Льняное поле в цвету словно бы вслушивается в себя, бережно, как бы даже чуть тайно наливает свои слабые на вид стебельки ситцевым дождевым крапом, и неназойливая, но непоборимая уверенность присутствует в поле и над полем — никто не сможет облететь его, пройти мимо, всяк задержится на нем взглядом, приостановит шаг, залюбуется им, помягчает сердцем, пожалеет о чем-то прошедшем и решит, что не все еще в жизни утрачено, раз есть на земле эта, всем доступная, обнадеживающая красота. Над цветущим полем льна даже пчелы и шмели смиреют, летают неторопливо, долго усаживаются на гибкий стебелек, сосредоточенно прицеливаются к цветку и, нашарив его бледную, лучистую сердцевину, замирают в сладкой дреме. Жаворонок выберет минуту, освободится от семейных хлопот, взовьется в небо и звенит над полем, сзывает всех сущих и зрящих подивиться на него; стремительный ястреб, высмотрев в гущах льна мышку, падет вдруг сверху, и дрогнет поле от его вихревых крыльев, катится по нему голубая волна, разымаясь пашенным пластом до самого межника; от струящегося из впадин прохладного воздуха ходят беззвучные молнии по льну, брызгами осыпая подножье стеблей, и стоят льны по колено в синей, раскрошенной воде.
Короткой летней ночью объявится на небе всеми забытая луна, и тогда идет к ней от поля голубое свечение, и остановятся, замрут сами в себе ночное небо, ночная луна, оберегая мир поднебесный от волнений и тревог, и это робкое, тайно сияющее поле оберегая.
Уймись и ты, тревожный человек, успокойся, мятущаяся душа.
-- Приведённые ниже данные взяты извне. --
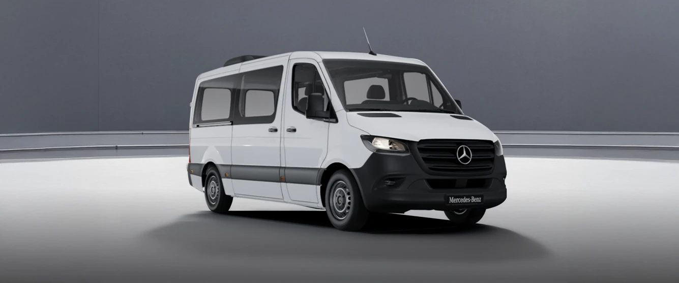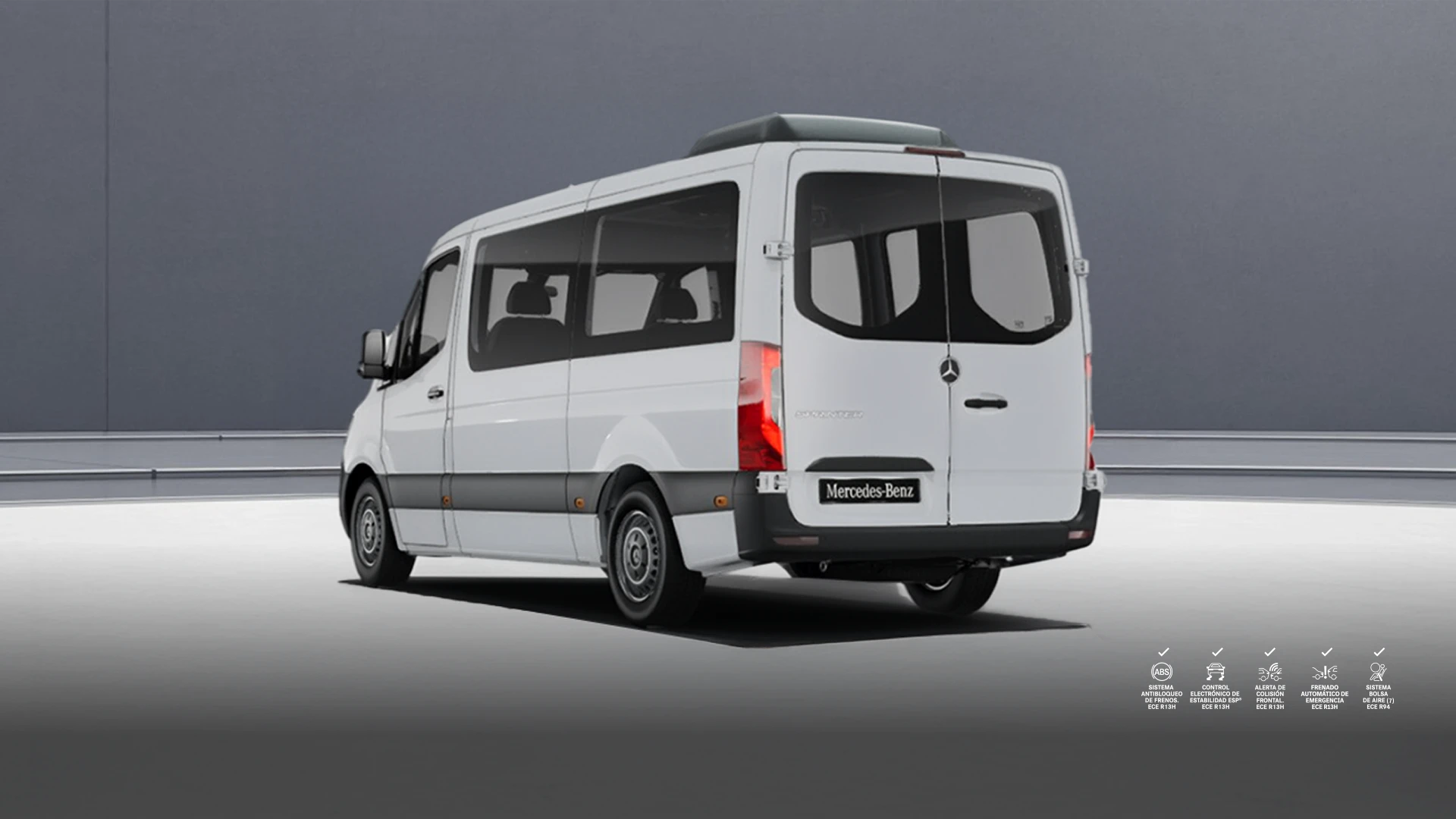 La Mercedes-Benz 411 CDI para pasajeros destaca por un diseño exterior robusto y elegante, propio de la línea Sprinter. En el frontal resalta la emblemática parrilla con el logo centrado, acompañada de faros grandes que ofrecen excelente visibilidad. Su carrocería alargada presenta líneas limpias y aerodinámicas, complementadas por amplias ventanas laterales que brindan luminosidad y una vista amplia a los ocupantes.
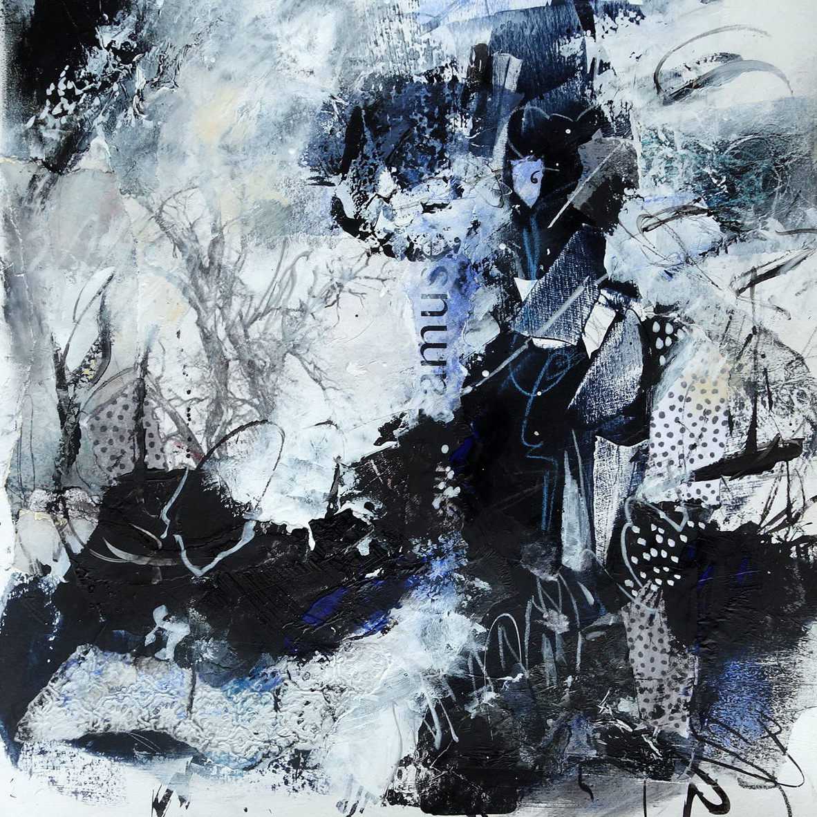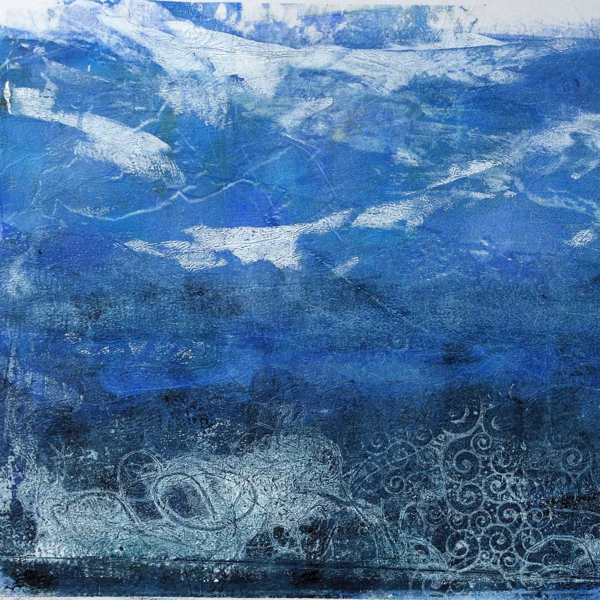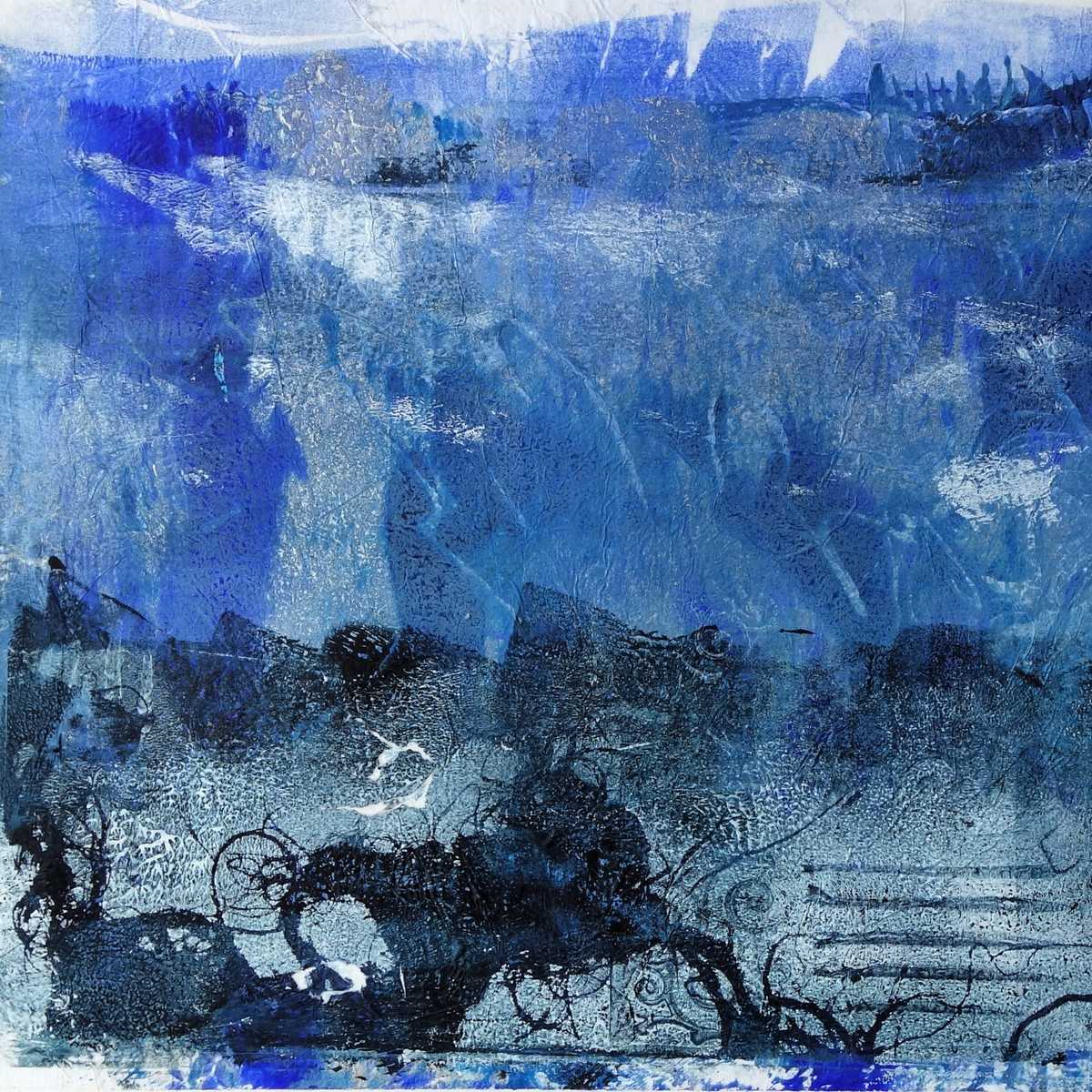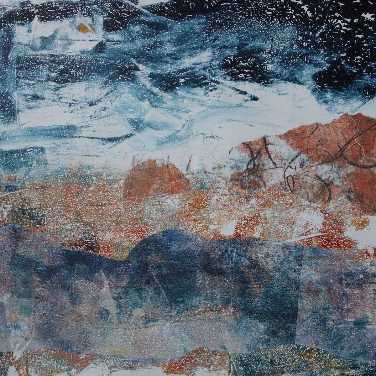 Mono prints and collage feature in some of my work. I have a few pieces that are mainly print and/or collage. I like to transfer monoprints and also use a gel plate to create collage papers on fine tissue. These are integrated into the painting to create complexity and exciting textures.
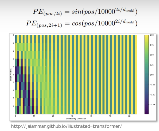 아래 수식과 같은 주기함수 sin, cos 함수를 통해 positional embedding을 수행한다.
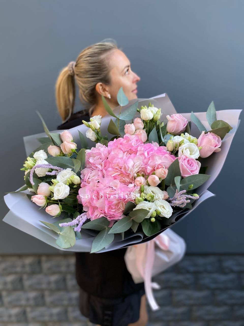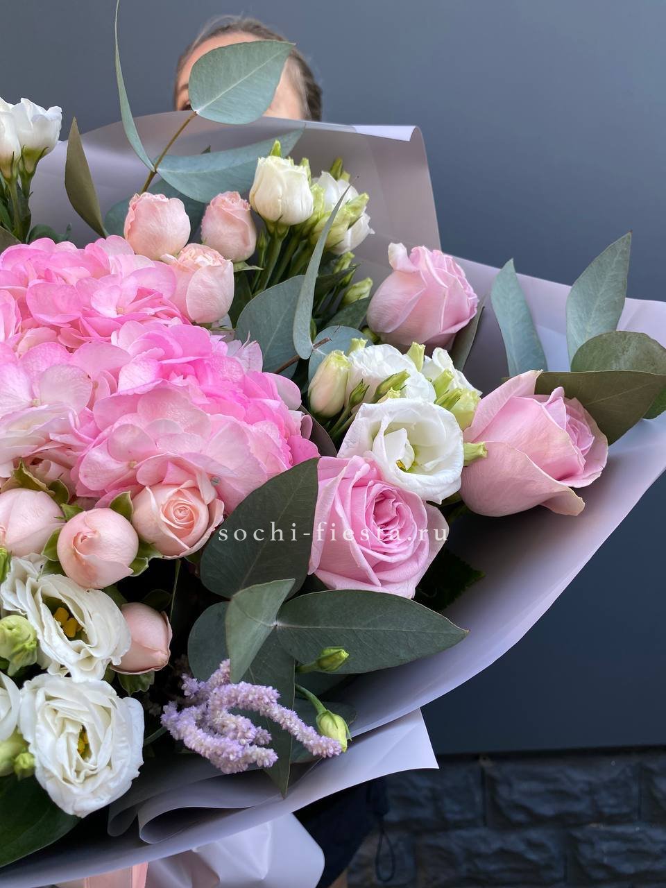гортензия, бруния или замена, эустома, герберы, розы, аспарагус, эвкалипт, дизайнерское оформление.
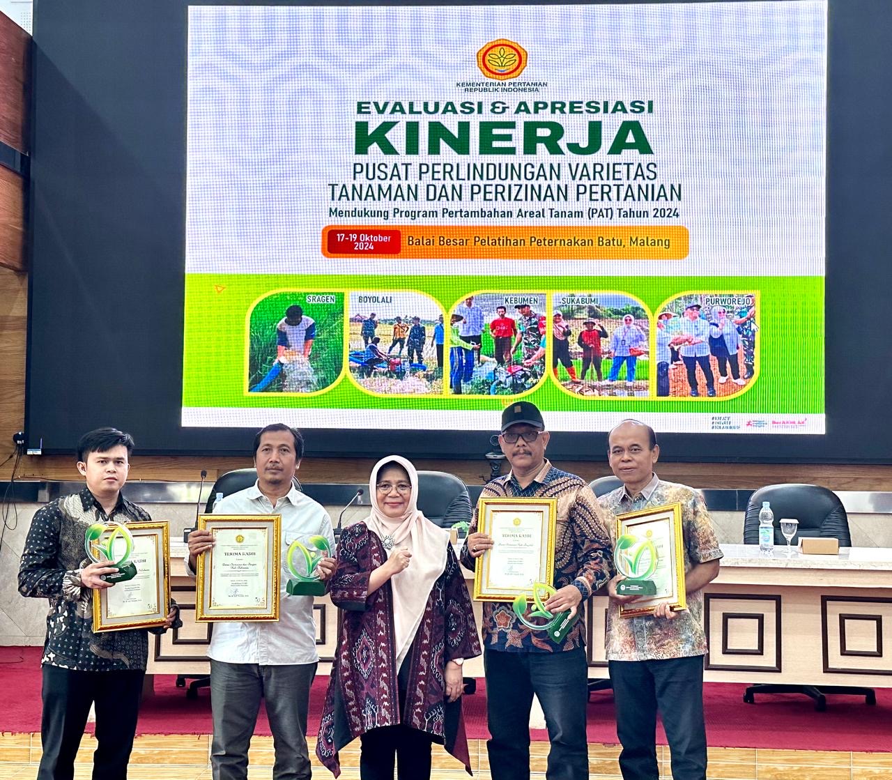 Plt. Sekretaris Jenderal Kementerian Pertanian, Ali Jamil mengatakan bahwa penghargaan ini merupakan bentuk rasa syukur atas capaian PAT di 5 Kabupaten yang cukup memuaskan. Diketahui, rata-rata capaian di sana sudah 100 persen. “Terima kasih Ibu Kapus PVTPP (Leli Nuryati) yang sudah bekerja keras mengejar target PAT di 5 Kabupaten ini. Mudah-mudahan dengan pertumbuhan ini bisa memberi semangat lagi agar ke depan kita semua bisa melaksanakan tugas ini dengan baik sesuai penugasan dari Bapak Menteri (Amran Sulaiman) kepada kami semua,” ujar Ali Jamil, Jumat, 18 Oktober 2024.
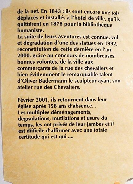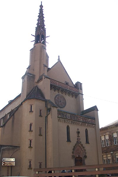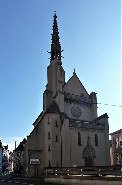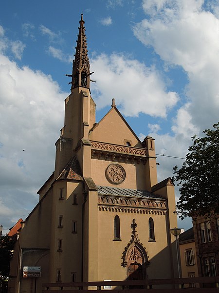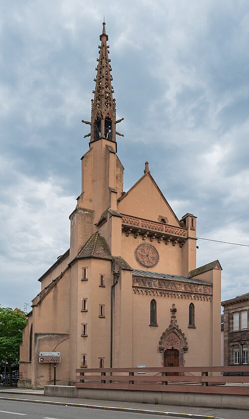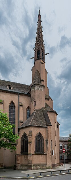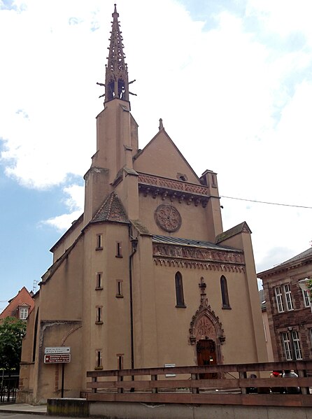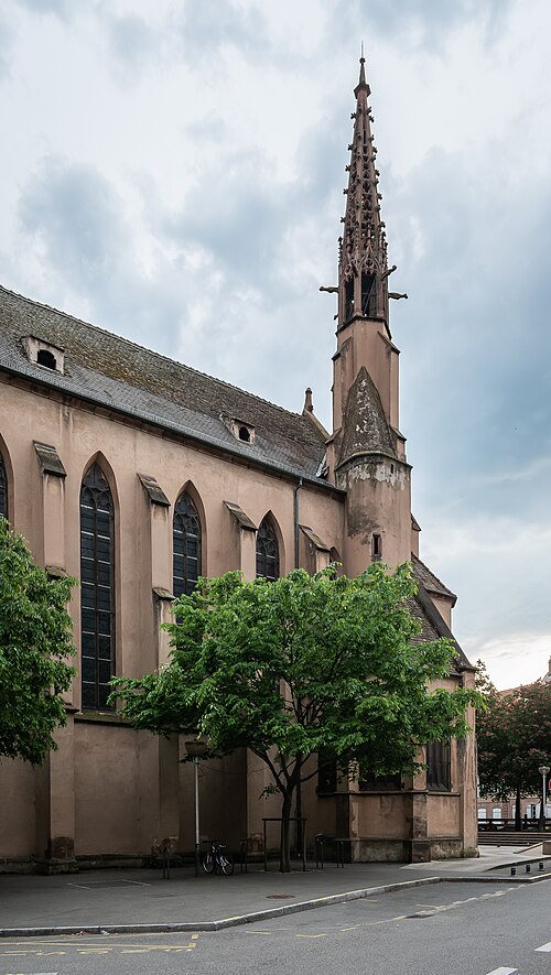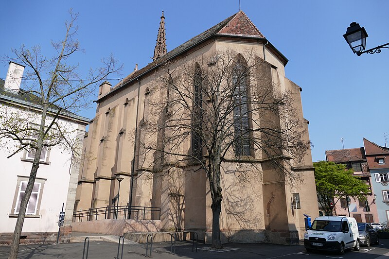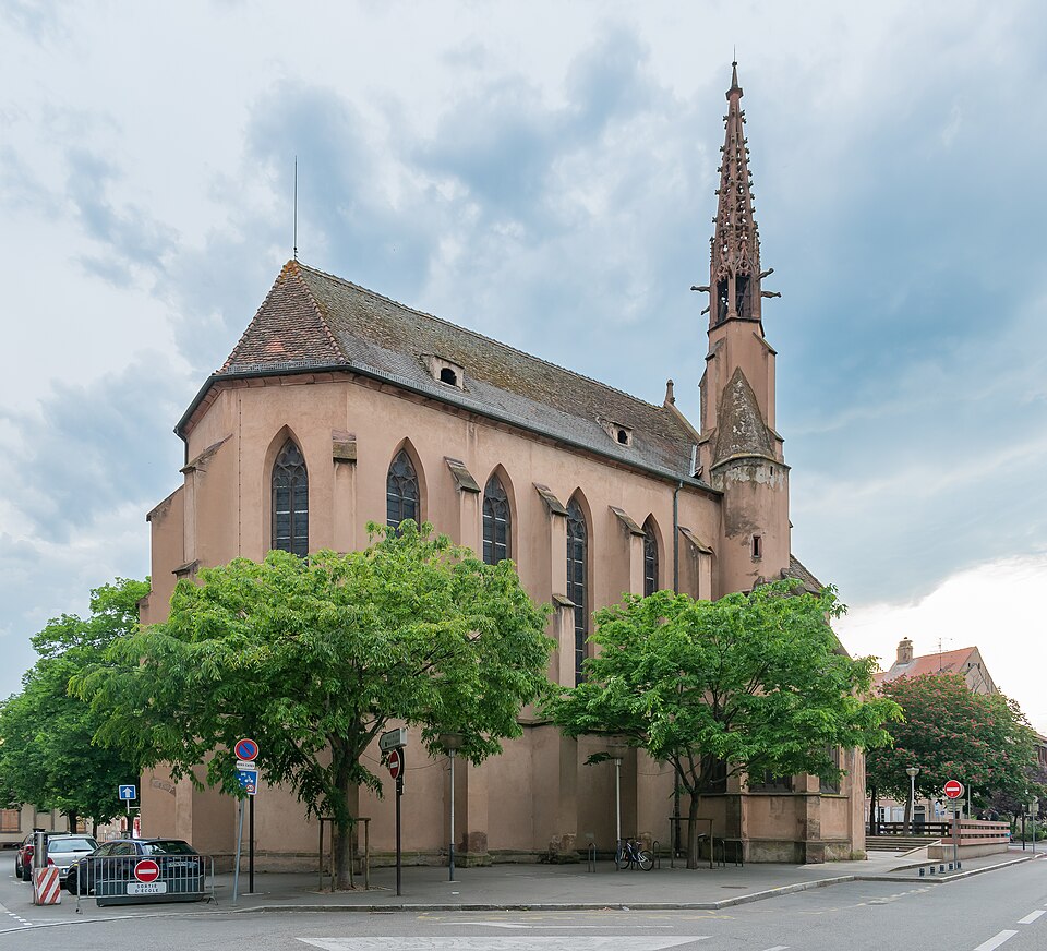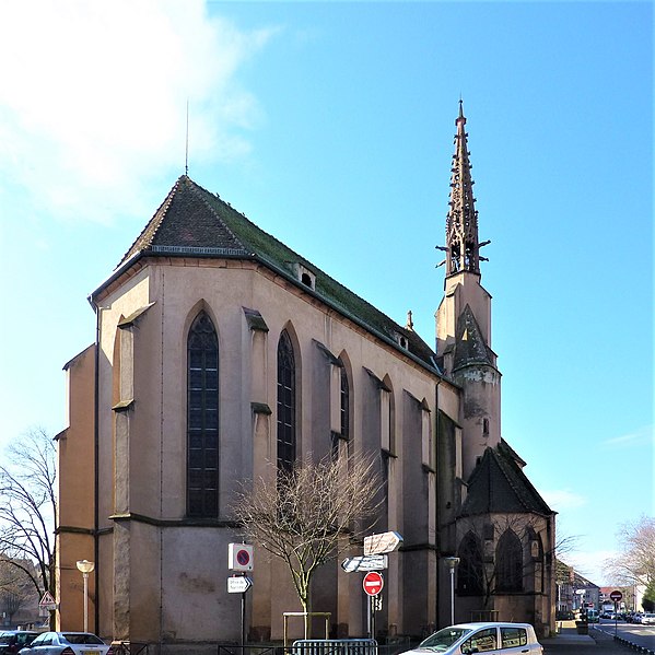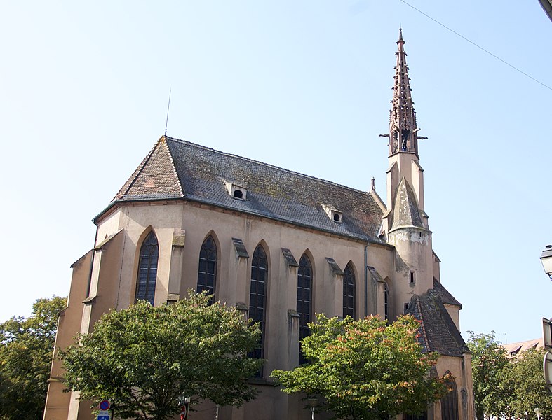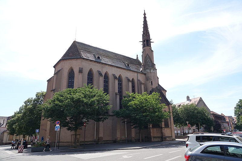 Le couvent des franciscains de Sélestat a été fondé en 1280 ; dès 1281 est construit le chœur de l’église, accompagné d’une sacristie voûtée. La nef et les bâtiments conventuels datent du début du XIVe siècle, et la porte provisoire du chœur est alors déplacée dans le mur nord du bas-côté nord. Une chapelle latérale nord dédiée à la Vierge aurait été élevée vers 1330, puis, vers 1430, une flèche en pierre ajourée est ajoutée au clocher juxtaposé au mur nord du chœur. En 1522 une chapelle édifiée contre le bas-côté nord abrite trois monuments funéraires des frères de Rathsamhausen ; cette chapelle est détruite au XVIIe siècle et les monuments sont transférés à l’hôtel de ville, puis au musée. Le couvent est fermé en 1525, rendu par la ville aux récollets en 1619 qui l’occupent jusqu’à la Révolution, et l’église fait l’objet d’importantes restaurations au XVIIIe siècle. Fermé en 1791 et acheté par la ville en 1810, l’ensemble sert ensuite de magasin de fourrage pour l’armée. En 1876 les protestants demandent la mise à disposition de l’édifice ; la nef, en très mauvais état, est démolie en 1878 avec la sacristie, tandis que le chœur est restauré par l’architecte communal Jean-Jacques Stamm qui reconstruit la façade ouest. Le temple est inauguré en 1881 et reçoit un mobilier néo-gothique réalisé par Théophile Klem de Colmar. Le campanile ajouré est restauré en 1978 et le tympan ouest sculpté par Martine Lutz de Colmar en 1979. Située place du Marché aux Pots et rue de Verdun à Sélestat (Bas-Rhin), l’ancienne église des Franciscains, devenue église protestante, est inscrite au titre des monuments historiques depuis 1983.
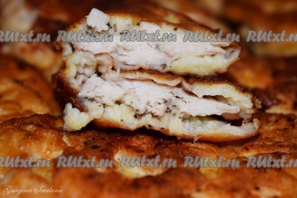 Подаем куриное филе, приготовленное в сметанном кляре, с картофельным пюре, гречкой, рисом, овощами гриль или с любым другим гарниром на ваш вкус.

Слушай! Внимай! Любуйся! В мире царствует благодать. Поверь в незыблемость и вечность его. И не говори никаких слов. Не плачь, не стенай — сон и покой кругом.
Тихое-тихое поле. Дивная даль. Россия.
Льняное поле в конце лета
Но потускнели пашни. Унялось и остыло небо. Посерело с окраин. Льняное поле поспело, стебли сникли, мелкими птичьими глазками смотрятся в землю. Слитный шорох катится по полю. Черствая, издержанная земля к полудню нагреется от скупого уже, но в зените все еще знойного солнца, и тогда сыпкая, едва слышная звень разносится по округе. Рдеет теплая пыль над вызревшим льном, в каждой капельке круглого, медного шеркунца бьется звонкое семечко. И когда в ночи остынет и отмякнет под студеной росой старчески сморщенная земля, травы и последние цветки, еще живые в корешках, дружно отвернутся от студеной речки к спелому льняному полю, над которым почти до рассвета ходят волны печного, сытого тепла, реют сны пашенного успокоения.
Идешь вдоль поля, невольно протягиваешь руку, греешь ладонь на теплом льне. Вдруг с грохотом, мохнато махая крыльями, выбивая семя из коробочек, взовьются над полем и разлетятся в разные стороны дикие голуби. Следом за ними тяжело разбежится и, разрывая золотистое поле льна, взлетит глухарь, напуганный шумом.
Долетев до межевой каменной гряды — дальше не может, ожирел от обильного корма, — птичий великан, угромоздившись средь малинника и отсохшего кипрея, хмуро оглядится вокруг — откуда опасность? Кто помешал ему подбирать и склевывать с земли такие вкусные зерна? Смежный камень, как загнета в давно протопленной русской печи, чуть еще тепел, и, оглядывая из-под бурой брови окрестности, глухарь сморенно оседает на брюхо, льнет пером к теплу, сыто задремывает на камне.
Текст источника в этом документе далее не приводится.